Records drawn from a dataset
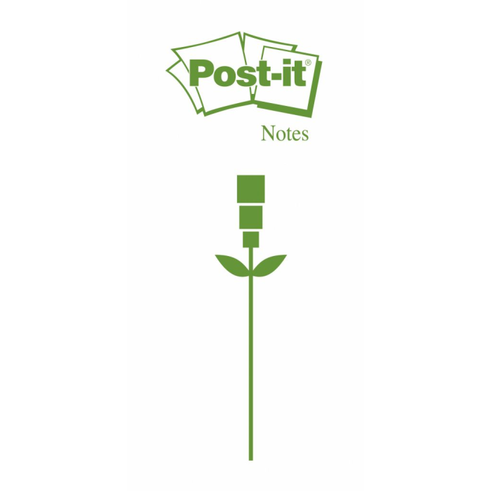 - Post-it® recyklované bločky sú vyrobené zo 100 % recyklovaného papiera a lepidla z obnoviteľných zdrojov.
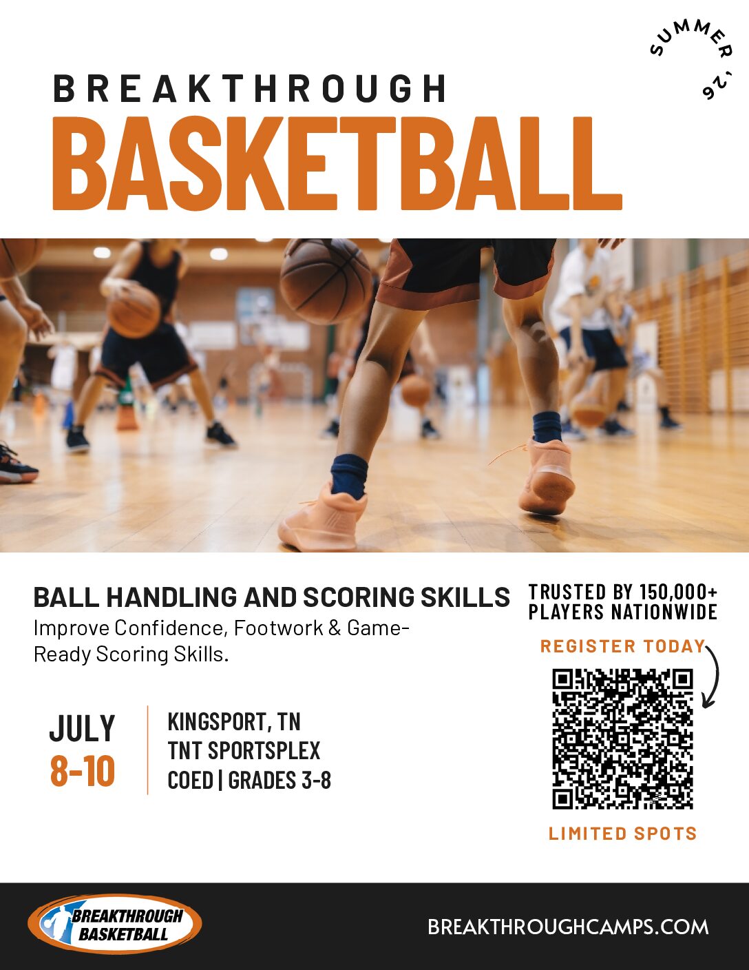 TNT Sportsplex is excited to host the Breakthrough Basketball Ball Handling & Scoring Skills Camp this summer in Kingsport, Tennessee. This three-day camp is designed for boys and girls in grades 3–8 who want to elevate their offensive game and become more confident, skilled players on the court. Led by experienced Breakthrough Basketball coaches, players
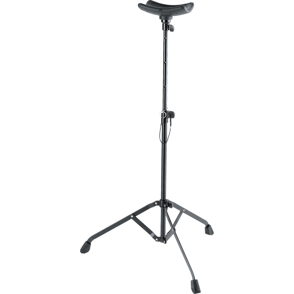 For all tuba models. Wide base construction. Easy to set up and fold. Non-marring height-adjustment mechanism. Instrument support rubber coated.
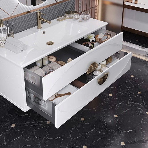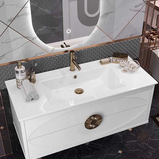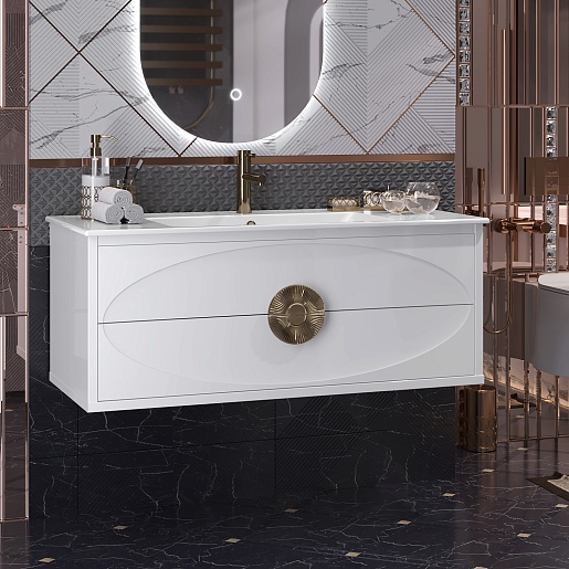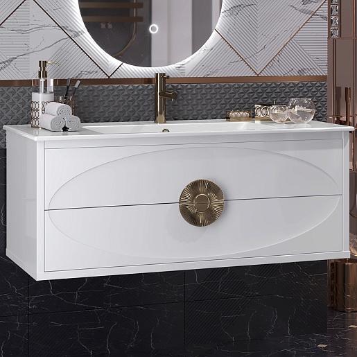 Тумба под раковину Ибица 120 подвесная белая/золото
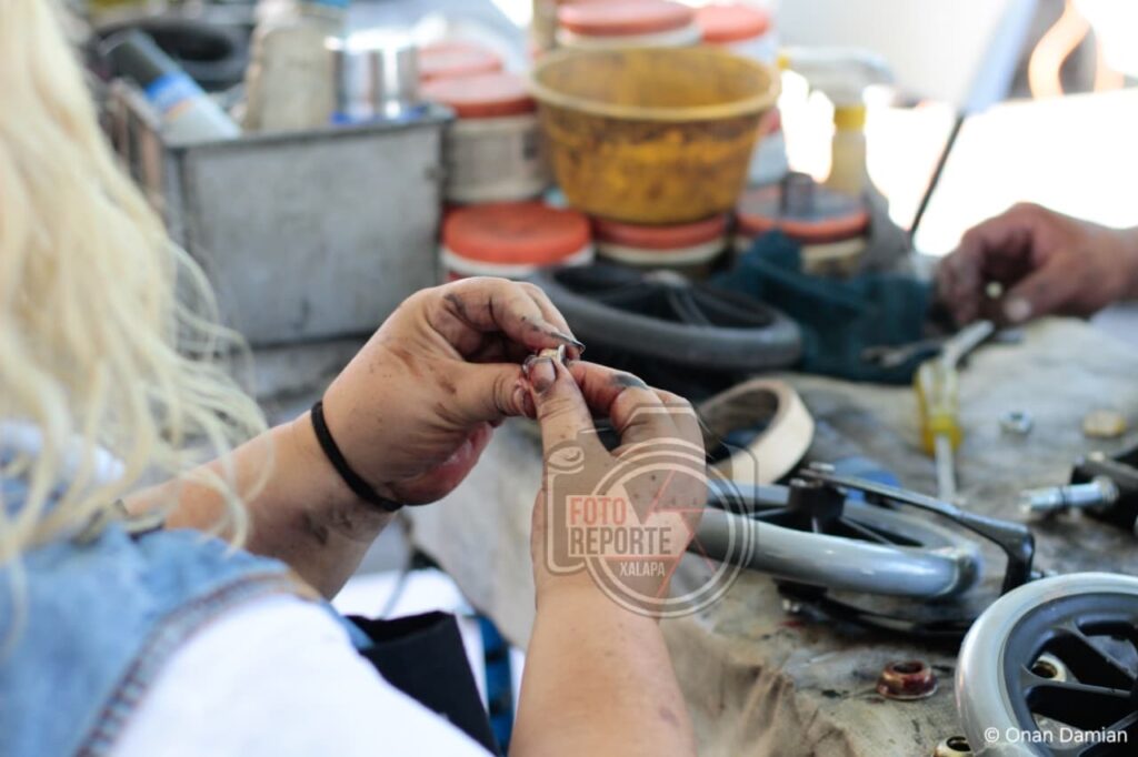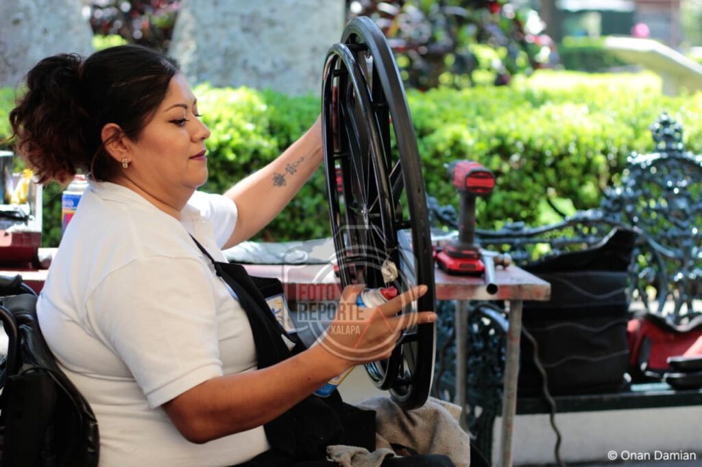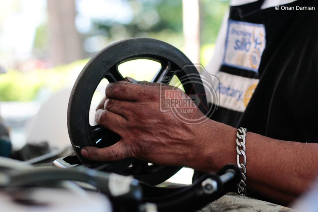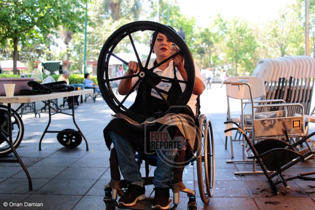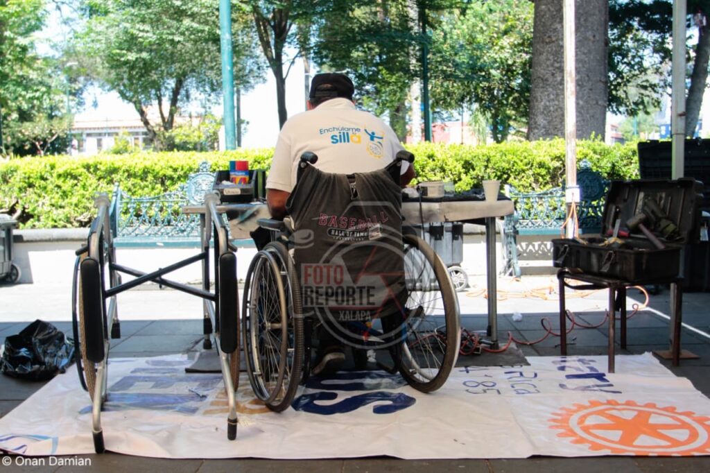 Xalapa, Ver., 28 de abril de 2026.- Con el objetivo de mejorar la movilidad y calidad de vida de personas con discapacidad, el Club Rotario Manantiales puso en marcha una jornada de reparación de sillas de ruedas en la explanada del Parque Juárez, donde durante tres días se brindará mantenimiento integral a estos aparatos a bajo costo e incluso con apoyo para quienes no puedan cubrir el servicio.
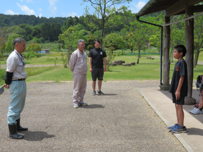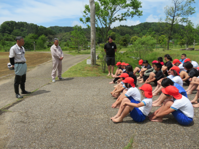 縄文真脇遺跡公園で真脇遺跡体験館の方にご協力をいただき,田植え体験を行いました。
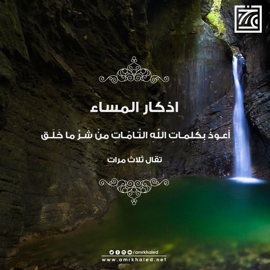amrkhaled أذكار المساء .. من قالها ثلاث مرات وقاه الله من كل الشرور أعوذ بكلمات الله التامات من شر ما خلق من قالها ثلاثا حين يمسي وقاه الله من كل الشرور
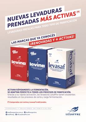 Lesaffre, la empresa que hace 165 años está al servicio de la industria de la panificación, desarrolló las nuevas levaduras prensadas frescas Levina y Levasaf 15% más activas (en relación a las Levina y Levasaf tradicionales).
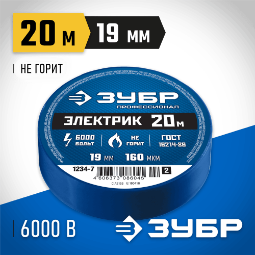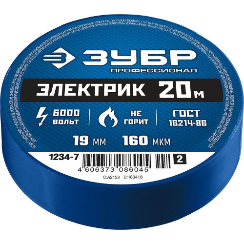 Изоляционная лента ЗУБР 1234-7_z02, предназначена для изоляции и маркировки проводов при электротехнических работах с напряжением до 6000 В, а также для иных хозяйственных работ. Для надежной и быстрой изоляции проводов и труб. Обеспечивает защиту от влаги и электрического тока, не поддерживает горение. ГОСТ 16214-86.
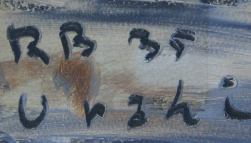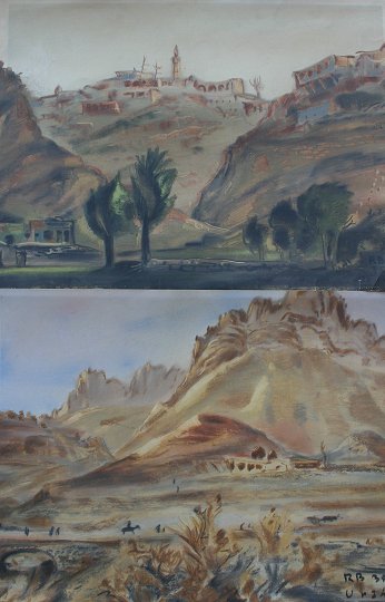 TWO DESERT MOUNTAIN LANDSCAPE PAINTINGS DATED 1935: Gouache, 17 1/2''x 23 1/2'', monogrammed R.B., dated '35, Urali?, matching wood frames with extensive wear to gesso, 25'' x 32''. One corner of the darker piece has been bent, several faint abrasions.
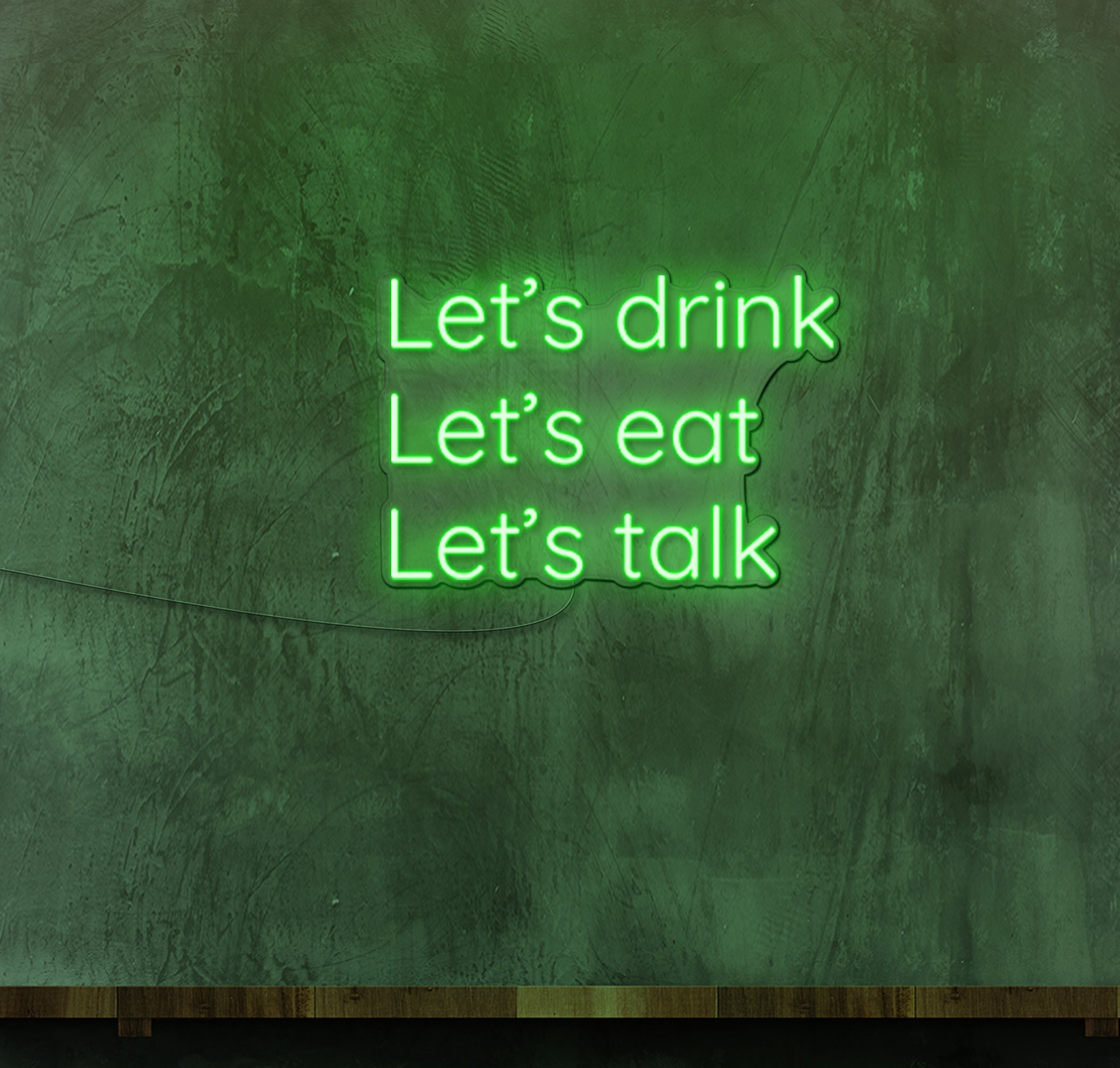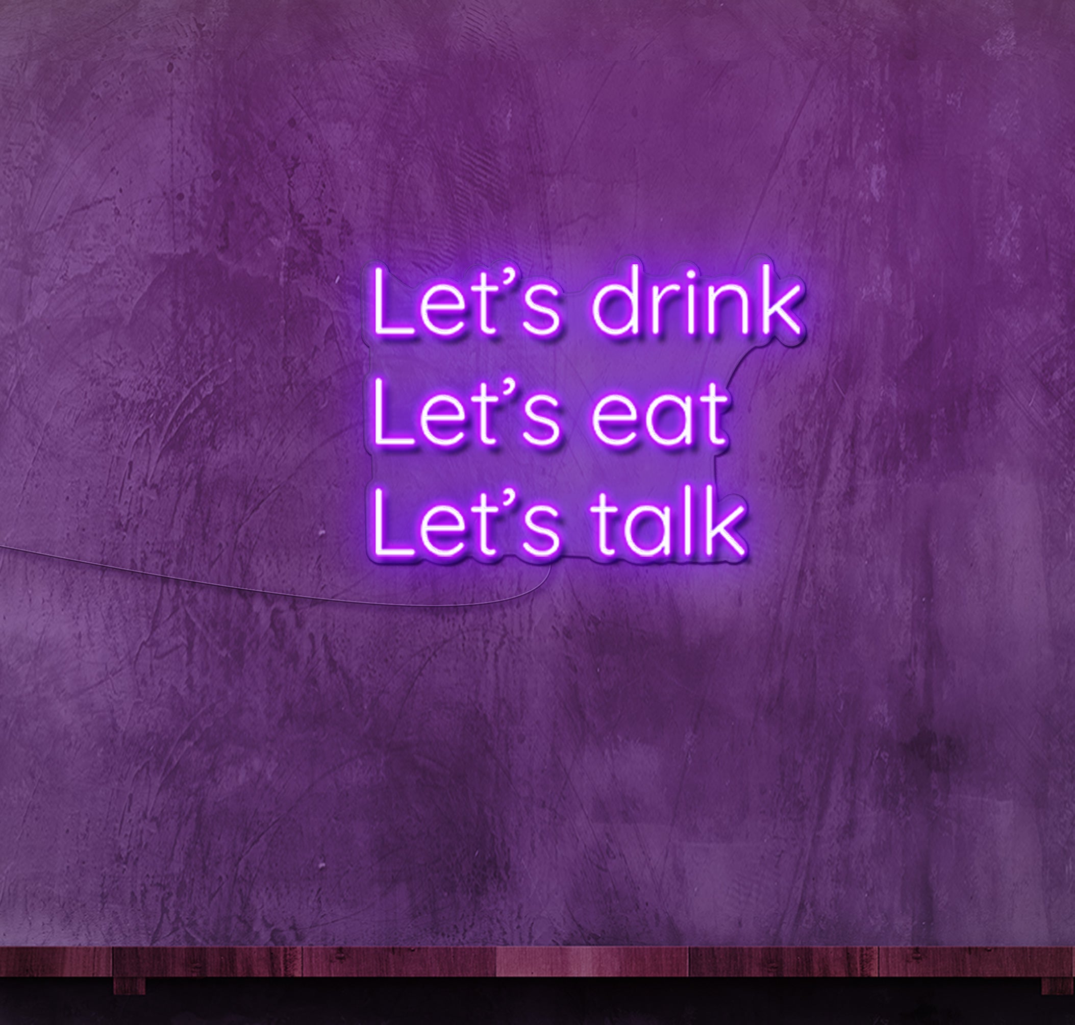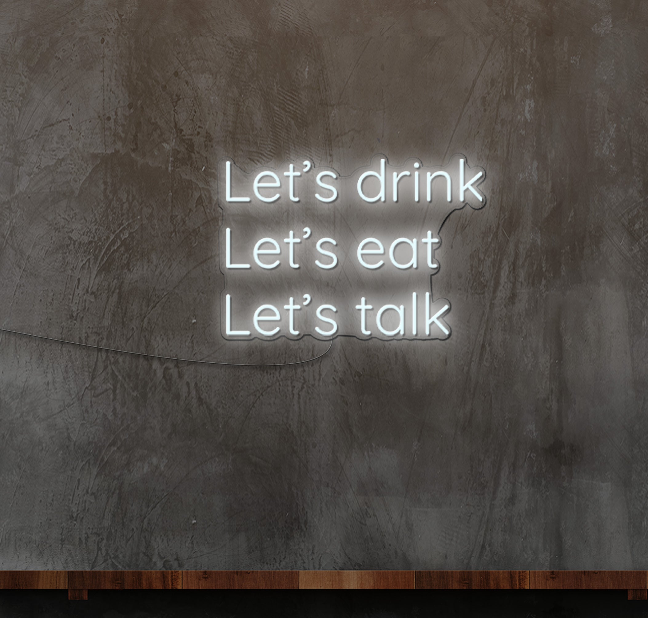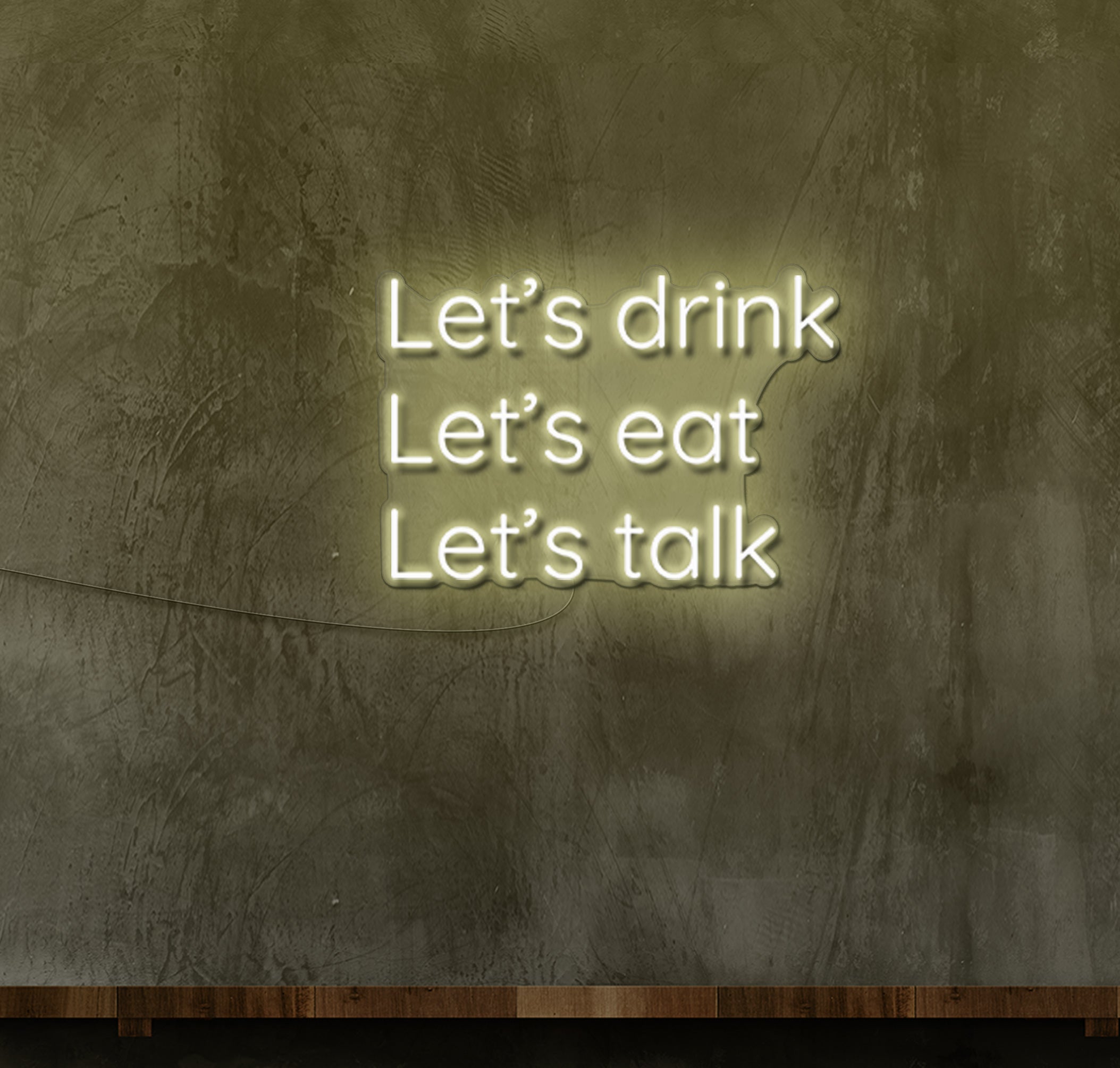 Enhance the inviting atmosphere of your food establishment with our captivating "Let's Drink, Let's Eat, Let's Talk" LED neon sign. This vibrant sign combines bold typography with vivid colours to create an eye-catching focal point that beckons customers to indulge in culinary delights and engaging conversation.

*Directions for this task:* Give exactly the lines above that run from the line with "縄文真脇遺跡公園で真脇遺跡体" to the line with "Изоляционная лента ЗУБР", both included, leaving every picture out.

*Result of this exercise:*
 縄文真脇遺跡公園で真脇遺跡体験館の方にご協力をいただき,田植え体験を行いました。
amrkhaled أذكار المساء .. من قالها ثلاث مرات وقاه الله من كل الشرور أعوذ بكلمات الله التامات من شر ما خلق من قالها ثلاثا حين يمسي وقاه الله من كل الشرور
 Lesaffre, la empresa que hace 165 años está al servicio de la industria de la panificación, desarrolló las nuevas levaduras prensadas frescas Levina y Levasaf 15% más activas (en relación a las Levina y Levasaf tradicionales).
 Изоляционная лента ЗУБР 1234-7_z02, предназначена для изоляции и маркировки проводов при электротехнических работах с напряжением до 6000 В, а также для иных хозяйственных работ. Для надежной и быстрой изоляции проводов и труб. Обеспечивает защиту от влаги и электрического тока, не поддерживает горение. ГОСТ 16214-86.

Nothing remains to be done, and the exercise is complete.